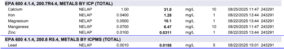 “I was not familiar with manganese until this test,” she said. “And I had read in the water victims group this was a huge issue. And when I combined both the complaints and his results, well I have to wonder. The tests were ordered through our doctor, Laura Burton, and we have an apt on Sept. 8 to decipher his results. I did ask her about the manganese and she told me to ensure he’s not ingesting the water, shower filter etc.”
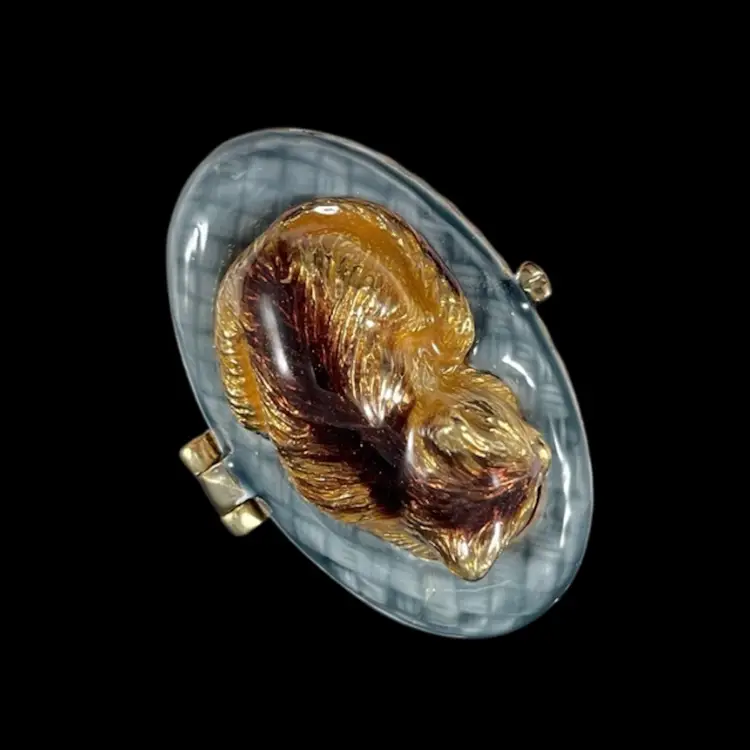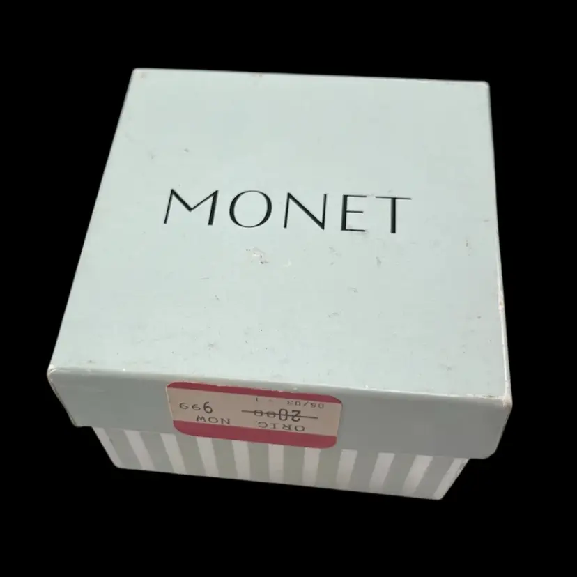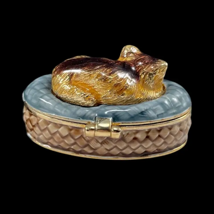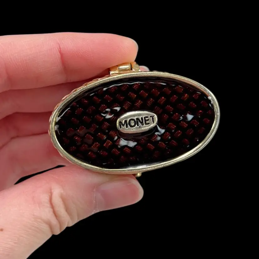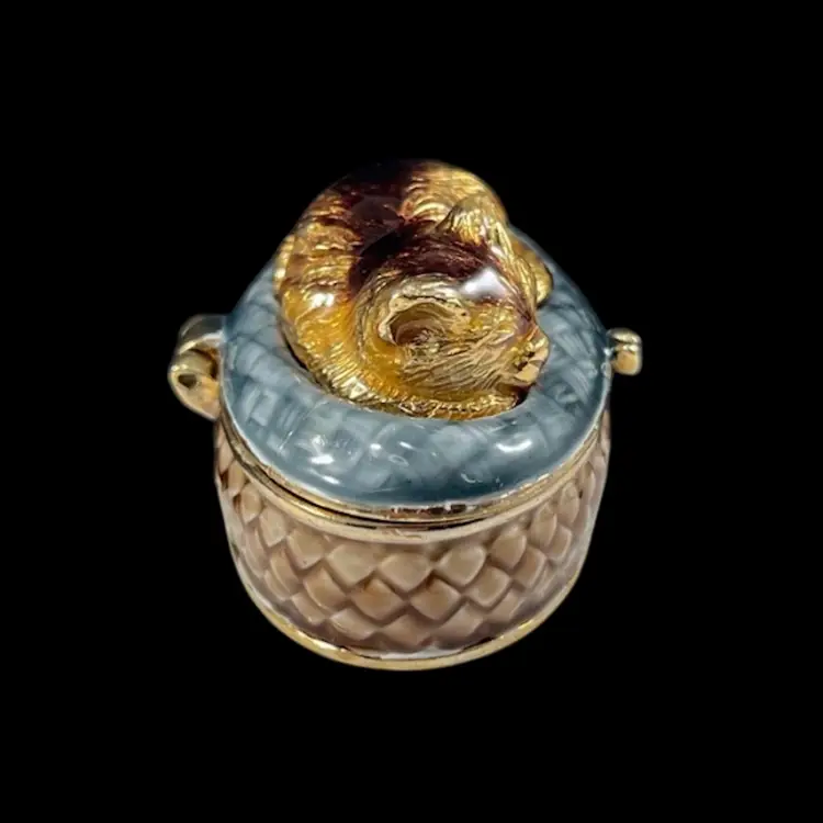 Trinket box is approximately 2” x 1.25” x 1”. Box itself is approximately 3” square and 1.75” deep. Hinge is slightly loose, but appears to be made that way. The top magnet has some light flaking to the coating. The box has original vintage tags and wear.
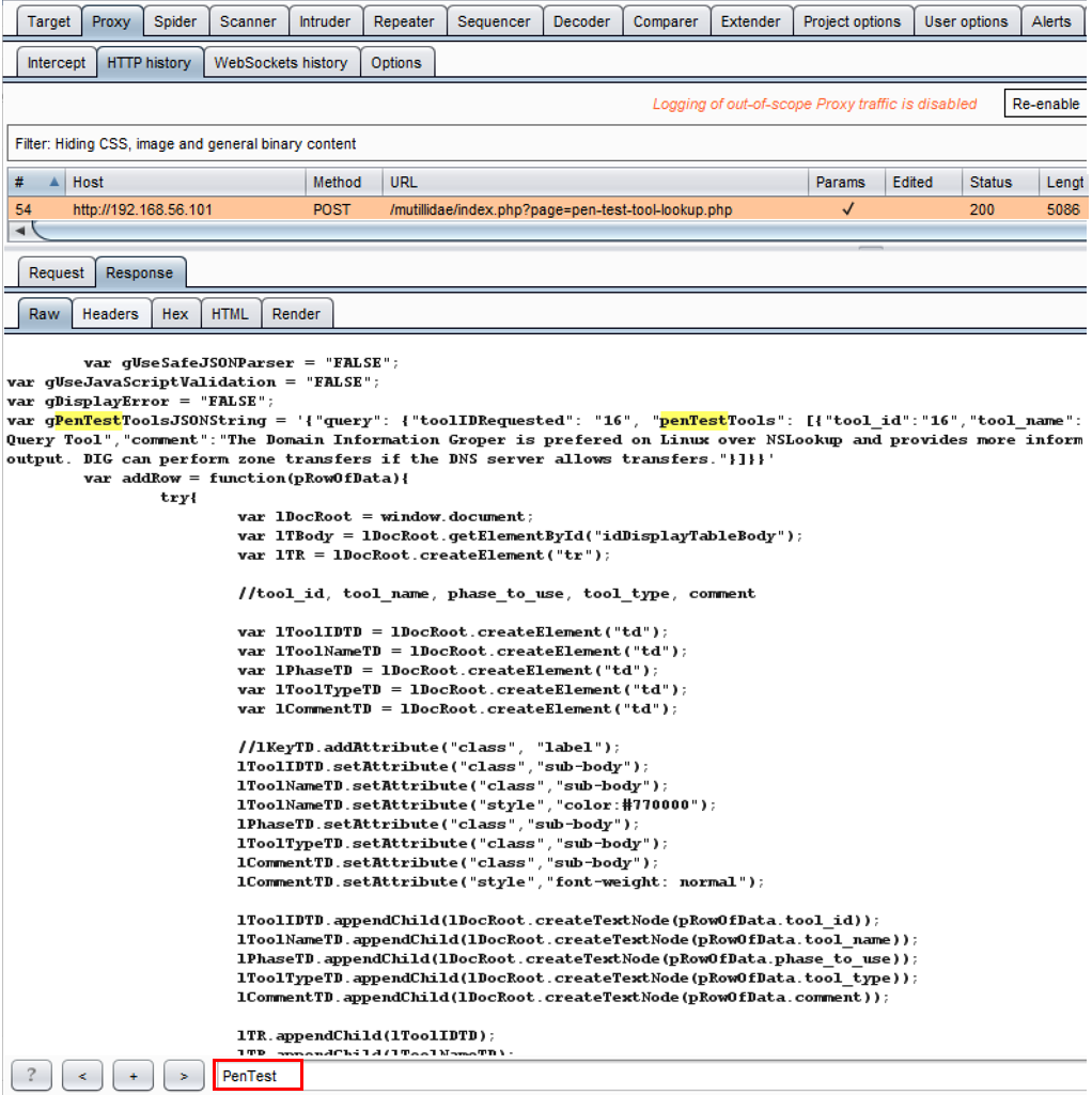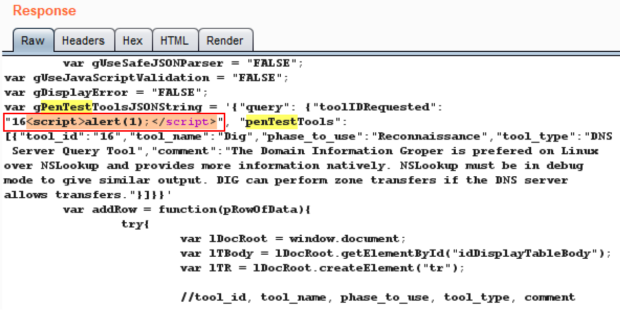 - Flip over to the Response tab and note the JSON returned from the request. You can find the JavaScript function in the response more easily by typing PenTest in the search box at the bottom. Note that the tool_id is reflected in a response parameter called toolIDRequested. This may be an attack vector for XSS:
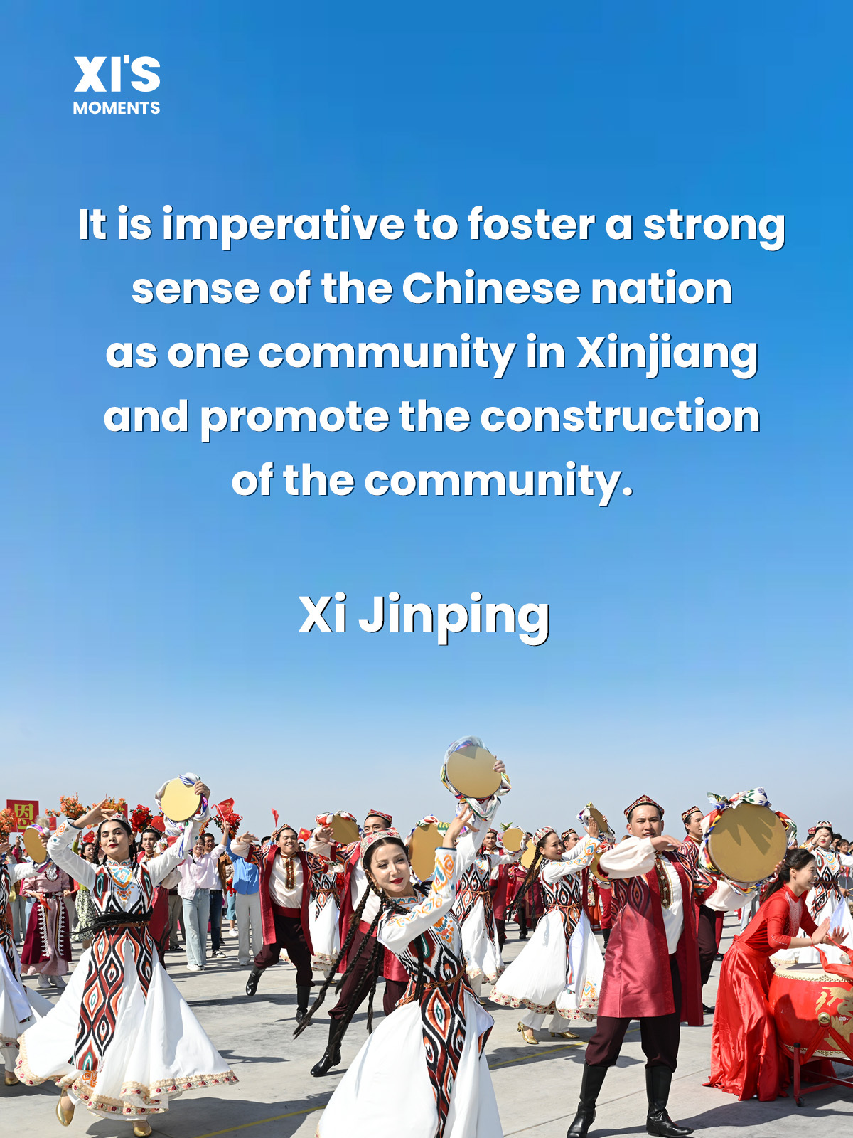President Xi Jinping stressed on Wednesday the importance of advancing ethnic unity and pursuing high-quality development in the Xinjiang Uygur antonomous region as it moves toward a modern, harmonious, and prosperous future.
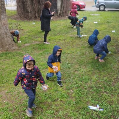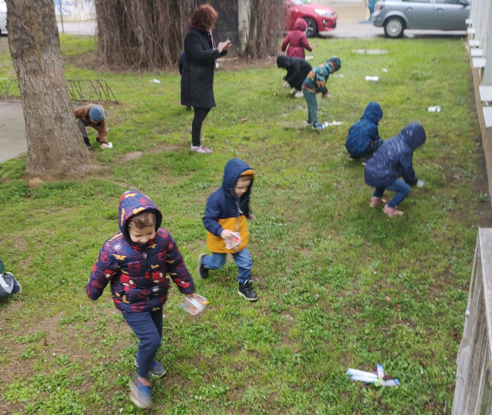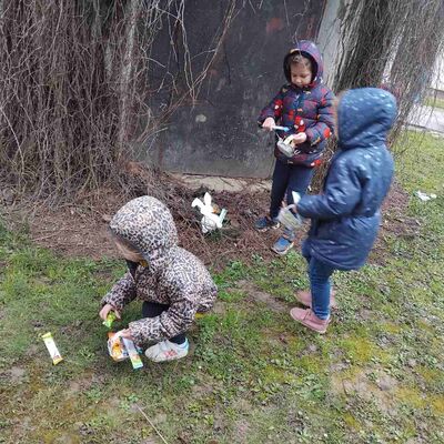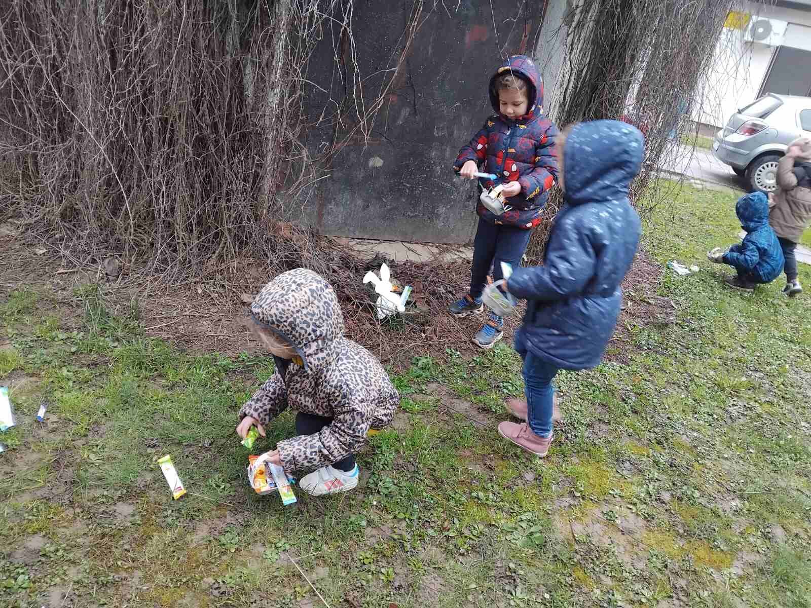 Dolazeći na posao odgojiteljica je vidjela malenog zečića kako skakuće oko vrtića. Odmah je pozvala svoje Gumbiće koji su s košaricama krenuli u potragu u nadi da je to pravi Uskršnji zeko.

■ **Requirement**
Would you output the lines above from the line holding "Trinket box is" up to and including the line holding "President Xi Jinping", exactly and only those, with no pictures?

■ **Solution below**
 Trinket box is approximately 2” x 1.25” x 1”. Box itself is approximately 3” square and 1.75” deep. Hinge is slightly loose, but appears to be made that way. The top magnet has some light flaking to the coating. The box has original vintage tags and wear.
 - Flip over to the Response tab and note the JSON returned from the request. You can find the JavaScript function in the response more easily by typing PenTest in the search box at the bottom. Note that the tool_id is reflected in a response parameter called toolIDRequested. This may be an attack vector for XSS:
President Xi Jinping stressed on Wednesday the importance of advancing ethnic unity and pursuing high-quality development in the Xinjiang Uygur antonomous region as it moves toward a modern, harmonious, and prosperous future.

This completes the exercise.